* _Given data_
=== Section Start ===

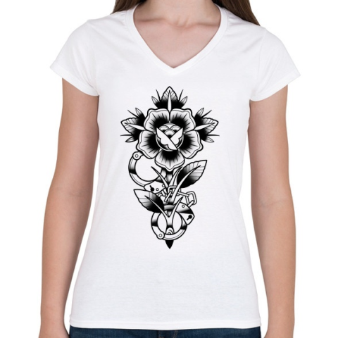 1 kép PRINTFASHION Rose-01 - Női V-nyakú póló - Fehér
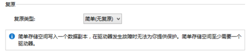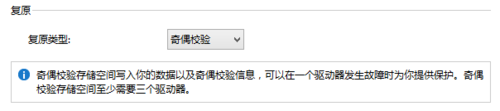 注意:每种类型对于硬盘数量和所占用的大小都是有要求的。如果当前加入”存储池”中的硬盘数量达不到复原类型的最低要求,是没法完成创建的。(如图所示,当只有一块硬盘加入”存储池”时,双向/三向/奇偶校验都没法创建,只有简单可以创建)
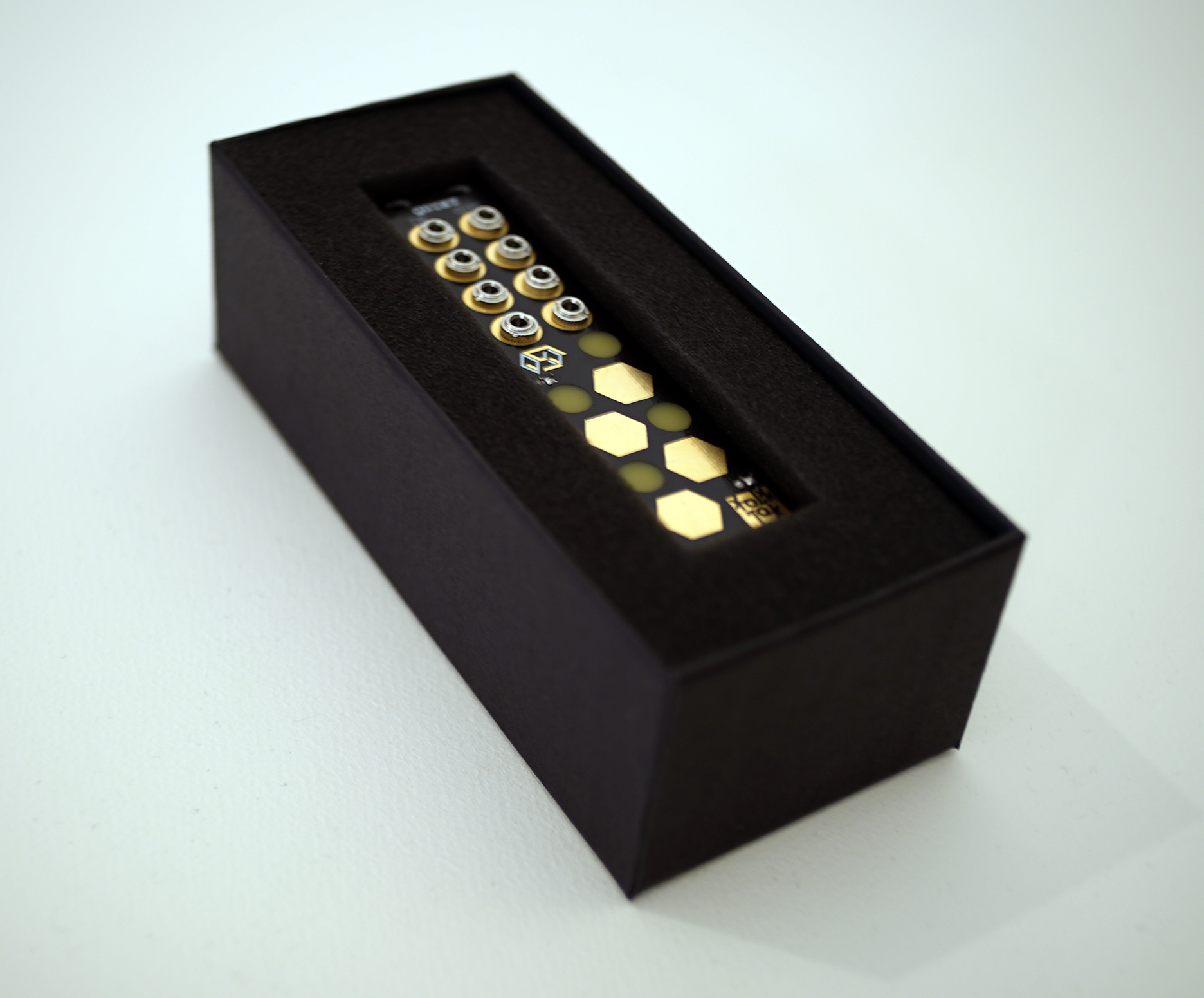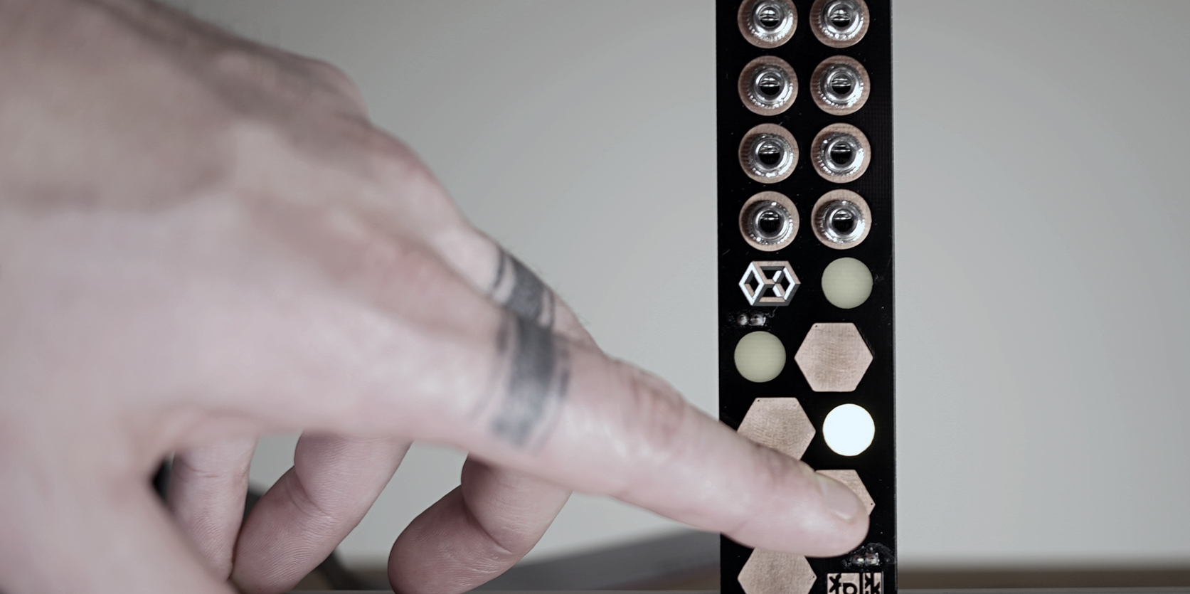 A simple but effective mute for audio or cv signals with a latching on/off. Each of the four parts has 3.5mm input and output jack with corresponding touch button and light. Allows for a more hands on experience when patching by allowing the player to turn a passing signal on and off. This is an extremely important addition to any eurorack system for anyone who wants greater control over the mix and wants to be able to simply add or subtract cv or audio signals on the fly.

=== Section End ===

* _Goal of the exercise_
Would you print the listing above in full, exactly, but with no pictures?

* _Task answer_
 1 kép PRINTFASHION Rose-01 - Női V-nyakú póló - Fehér
 注意:每种类型对于硬盘数量和所占用的大小都是有要求的。如果当前加入”存储池”中的硬盘数量达不到复原类型的最低要求,是没法完成创建的。(如图所示,当只有一块硬盘加入”存储池”时,双向/三向/奇偶校验都没法创建,只有简单可以创建)
 A simple but effective mute for audio or cv signals with a latching on/off. Each of the four parts has 3.5mm input and output jack with corresponding touch button and light. Allows for a more hands on experience when patching by allowing the player to turn a passing signal on and off. This is an extremely important addition to any eurorack system for anyone who wants greater control over the mix and wants to be able to simply add or subtract cv or audio signals on the fly.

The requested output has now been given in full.